• [Task requirements]: Lower down are entries containing pictures. Copy exactly, without those pictures, the lines from the line with "compusa din doua" through the line with "Счастливый старший фермер-мужчина".

• [Source material]:
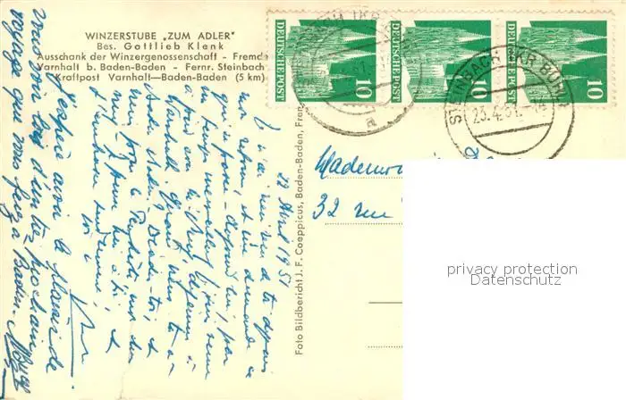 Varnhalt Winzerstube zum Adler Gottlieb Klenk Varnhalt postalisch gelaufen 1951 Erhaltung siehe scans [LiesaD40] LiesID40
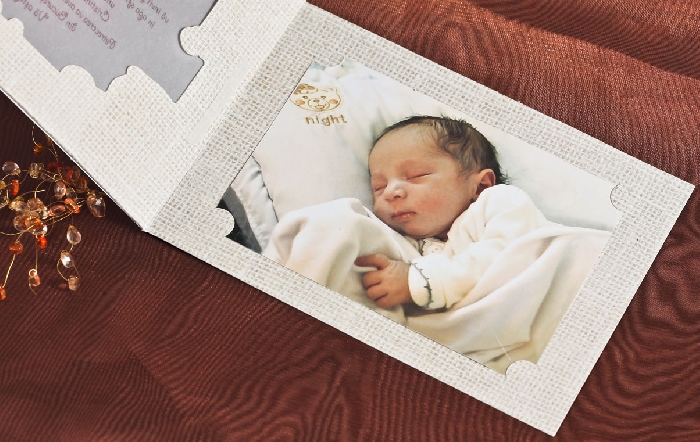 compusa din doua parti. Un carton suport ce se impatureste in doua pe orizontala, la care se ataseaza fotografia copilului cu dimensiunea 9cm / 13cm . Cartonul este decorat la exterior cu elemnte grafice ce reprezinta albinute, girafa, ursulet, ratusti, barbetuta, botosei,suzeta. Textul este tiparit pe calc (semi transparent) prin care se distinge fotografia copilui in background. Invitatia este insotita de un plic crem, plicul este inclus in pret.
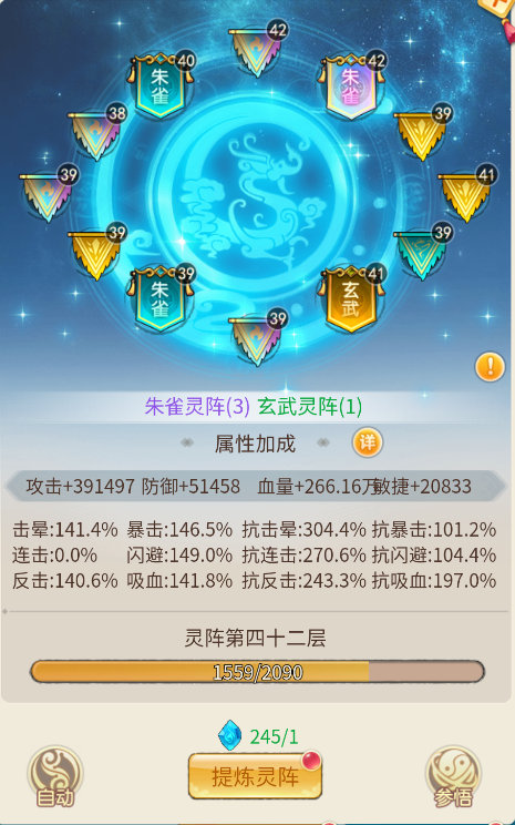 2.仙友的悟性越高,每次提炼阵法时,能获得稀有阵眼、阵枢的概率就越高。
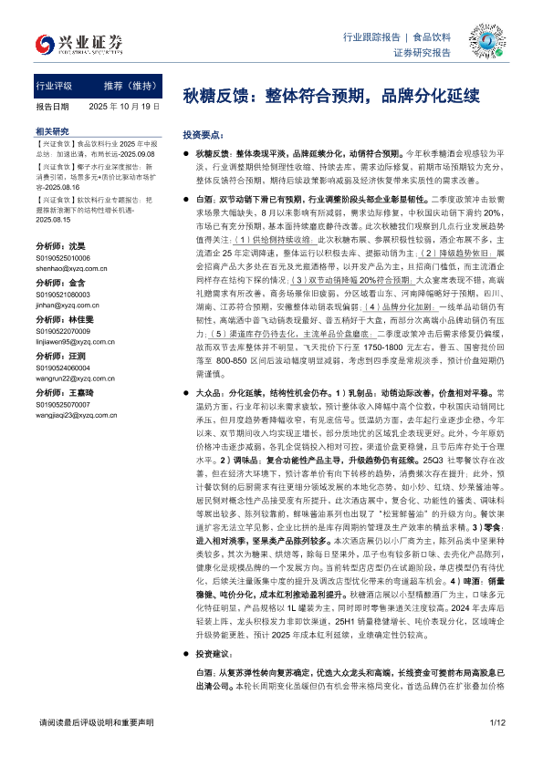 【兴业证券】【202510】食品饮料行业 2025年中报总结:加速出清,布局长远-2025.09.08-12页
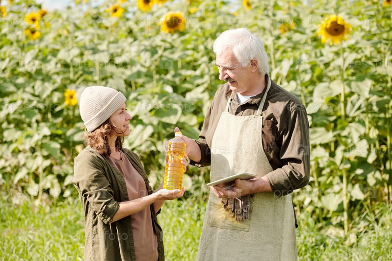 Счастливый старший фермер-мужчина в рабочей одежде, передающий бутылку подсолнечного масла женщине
* * *
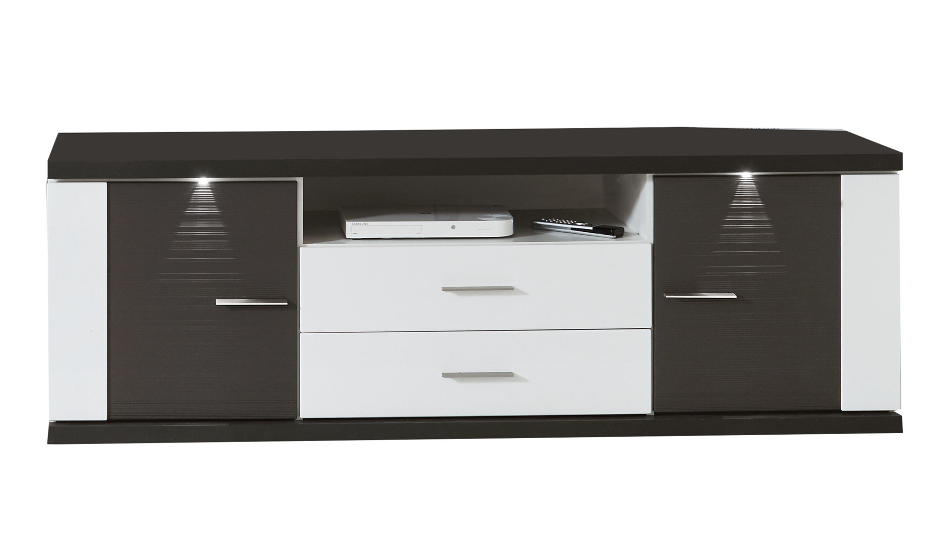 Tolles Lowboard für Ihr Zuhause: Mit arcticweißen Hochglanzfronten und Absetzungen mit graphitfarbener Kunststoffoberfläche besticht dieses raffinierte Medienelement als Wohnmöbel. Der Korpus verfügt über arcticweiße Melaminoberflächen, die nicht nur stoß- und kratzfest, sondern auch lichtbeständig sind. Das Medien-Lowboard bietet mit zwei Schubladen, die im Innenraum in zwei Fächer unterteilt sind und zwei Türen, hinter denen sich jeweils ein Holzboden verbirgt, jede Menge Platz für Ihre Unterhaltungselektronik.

• [Written reply]:
 compusa din doua parti. Un carton suport ce se impatureste in doua pe orizontala, la care se ataseaza fotografia copilului cu dimensiunea 9cm / 13cm . Cartonul este decorat la exterior cu elemnte grafice ce reprezinta albinute, girafa, ursulet, ratusti, barbetuta, botosei,suzeta. Textul este tiparit pe calc (semi transparent) prin care se distinge fotografia copilui in background. Invitatia este insotita de un plic crem, plicul este inclus in pret.
 2.仙友的悟性越高,每次提炼阵法时,能获得稀有阵眼、阵枢的概率就越高。
 【兴业证券】【202510】食品饮料行业 2025年中报总结:加速出清,布局长远-2025.09.08-12页
 Счастливый старший фермер-мужчина в рабочей одежде, передающий бутылку подсолнечного масла женщине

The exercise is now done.